Deploying Scalable ML Model Serving with EKS

Question

Pulumi · Accepted Answer

Deploying a scalable machine learning (ML) model serving solution on Amazon Elastic Kubernetes Service (EKS) involves setting up an EKS cluster that is optimized for ML workloads, with the ability to scale based on demand. For this purpose, we will need to:

1. Create an EKS cluster
2. Set up IAM roles and permissions for EKS
3. Configure the VPC plugin for Amazon EKS to use with the cluster
4. Deploy the ML model serving application, possibly using a solution like TensorFlow Serving or a similar technology, depending on the specifics of the ML model.

In the Pulumi program below, we'll focus on the infrastructure portion, setting up an EKS cluster and the necessary permissions.

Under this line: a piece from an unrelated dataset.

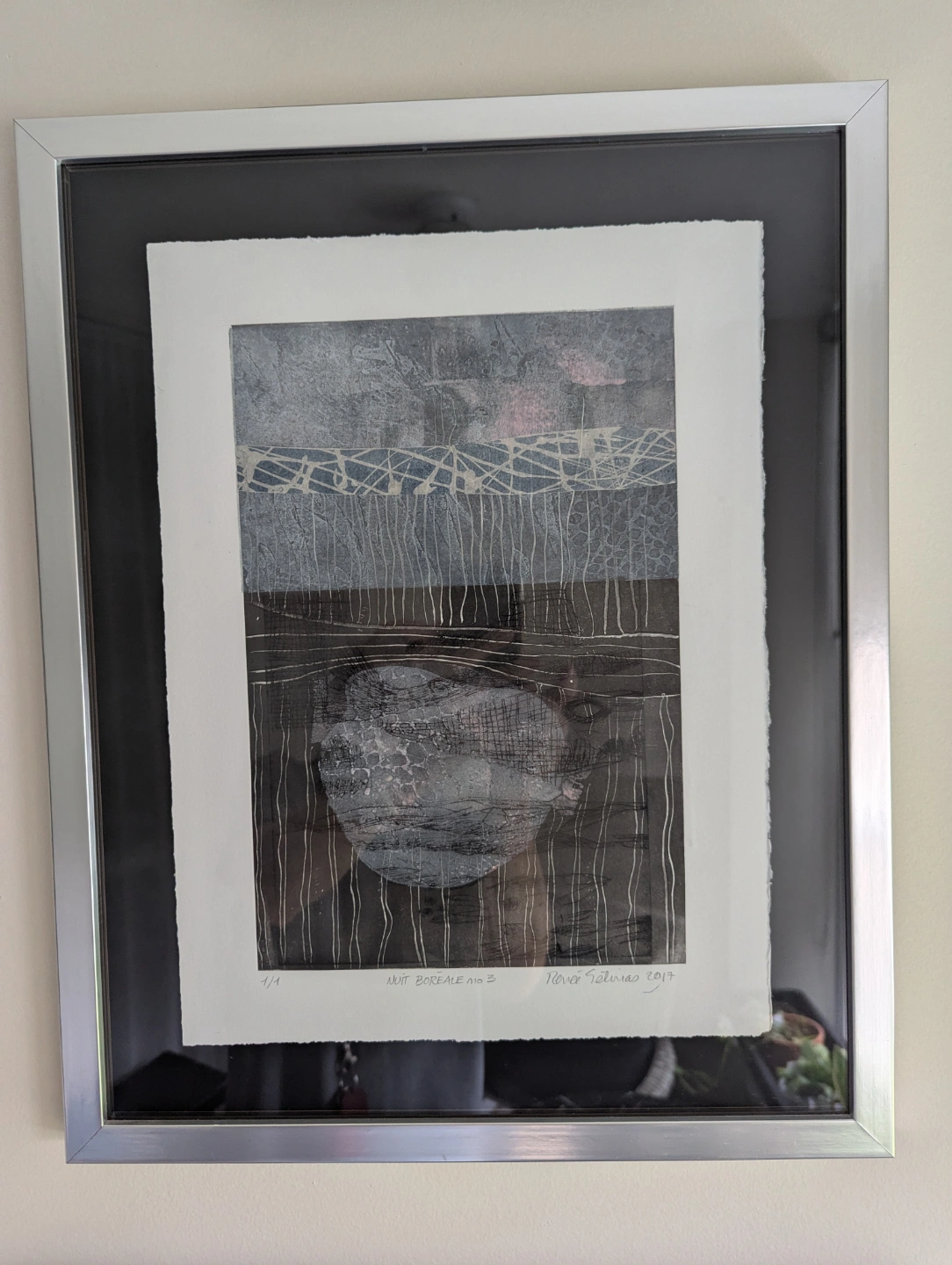 Beautiful original art work, mainly in black and white and grey shades, silver tone frame with glass overlay. Signed and numbered piece.

The specific ML model deployment is application-specific and thus not covered directly here. Instead, after the infrastructure is set up, the Kubernetes resources (like Deployments, Services, etc.) for the ML serving would be deployed using `kubectl` or a Pulumi program for Kubernetes.

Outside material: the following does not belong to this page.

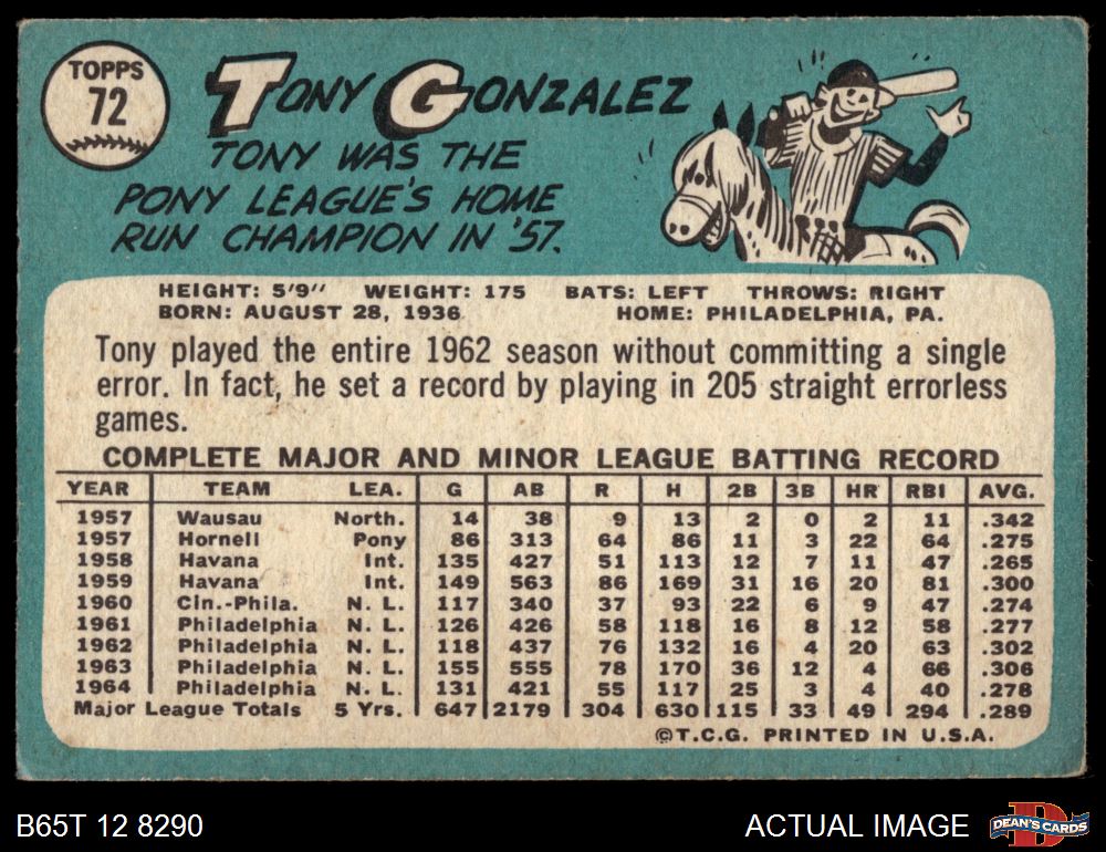 1965 Topps #72 Tony Gonzalez 1.5 - FAIR

Here's a Pulumi program that sets up an EKS cluster suitable for serving ML models. It uses the `pulumi_eks` package because it provides high-level abstractions that simplify setting up and managing EKS clusters.

```python
import pulumi
import pulumi_aws as aws
from pulumi_eks import Cluster

# Create an IAM role that the EKS service will assume.
eks_role = aws.iam.Role("eksRole",
    assume_role_policy="""{
      "Version": "2012-10-17",
      "Statement": [{
        "Effect": "Allow",
        "Principal": {"Service": "eks.amazonaws.com"},
        "Action": "sts:AssumeRole"
      }]
    }"""
)

# Attach the AmazonEKSClusterPolicy to the role created above.
eks_policy_attachment = aws.iam.RolePolicyAttachment("eksPolicyAttachment",
    role=eks_role.name,
    policy_arn="arn:aws:iam::aws:policy/AmazonEKSClusterPolicy"
)

# Create a Security Group that we can use to allow ingress to the EKS cluster.
sec_group = aws.ec2.SecurityGroup("secGroup", 
    description="Allow all HTTP(s) traffic to EKS",
    ingress=[
        {"protocol": "tcp", "from_port": 80, "to_port": 80, "cidr_blocks": ["0.0.0.0/0"]},
        {"protocol": "tcp", "from_port": 443, "to_port": 443, "cidr_blocks": ["0.0.0.0/0"]},
    ],
)

# Set up the EKS cluster itself with the required config.
eks_cluster = Cluster("eksCluster",
    role_arn=eks_role.arn,
    vpc_id=aws.config.vpc_id, # replace with your VPC ID
    subnet_ids=["subnet-12345", "subnet-67890"], # replace with your Subnet IDs
    instance_type="m5.large", # chosen for ML workload, confirm based on your model's needs
    desired_capacity=2, # start with 2 worker nodes, adjust as necessary for your workload
    min_size=1,
    max_size=10, # allows scaling up to 10 worker nodes
    create_oidc_provider=True,
    instance_role=eks_role,
)

# Export the cluster's kubeconfig and the security group id for access
pulumi.export("kubeconfig", eks_cluster.kubeconfig)
pulumi.export("security_group_id", sec_group.id)
```

In the above Pulumi program, we first set up an IAM role for EKS that allows the EKS service to manage clusters on our behalf. Then, we attach the necessary AWS managed policy `AmazonEKSClusterPolicy` to this IAM role to grant it necessary permissions.

Next, we create a security group to control access to the EKS cluster. In a real-world scenario, you would lock down the ingress rules to be more restrictive, but for simplicity we're allowing all traffic on ports 80 and 443 (HTTP and HTTPS).

We then create an EKS cluster, specifying the VPC and subnets it should operate in, as well as the type and number of worker nodes. We choose an instance type (`m5.large`) that is generally suitable for ML workloads, but this would need to be adjusted based on specific model requirements. We also set the minimum, desired, and maximum size for the cluster's autoscaling group, which controls how it scales.

Finally, we export the `kubeconfig` needed to interact with the cluster using tools like `kubectl`, and the security group ID, which could be used to set up additional network configurations.

Keep in mind that the VPC and subnets need to be pre-configured or also defined in Pulumi. They are specified in this example as placeholders.

Remember, this program only sets up the infrastructure. The deployment of the actual ML model serving application, which would run as Kubernetes workloads, would need additional Kubernetes resources like Deployments, Services, and possibly Ingress objects, which are handled separately.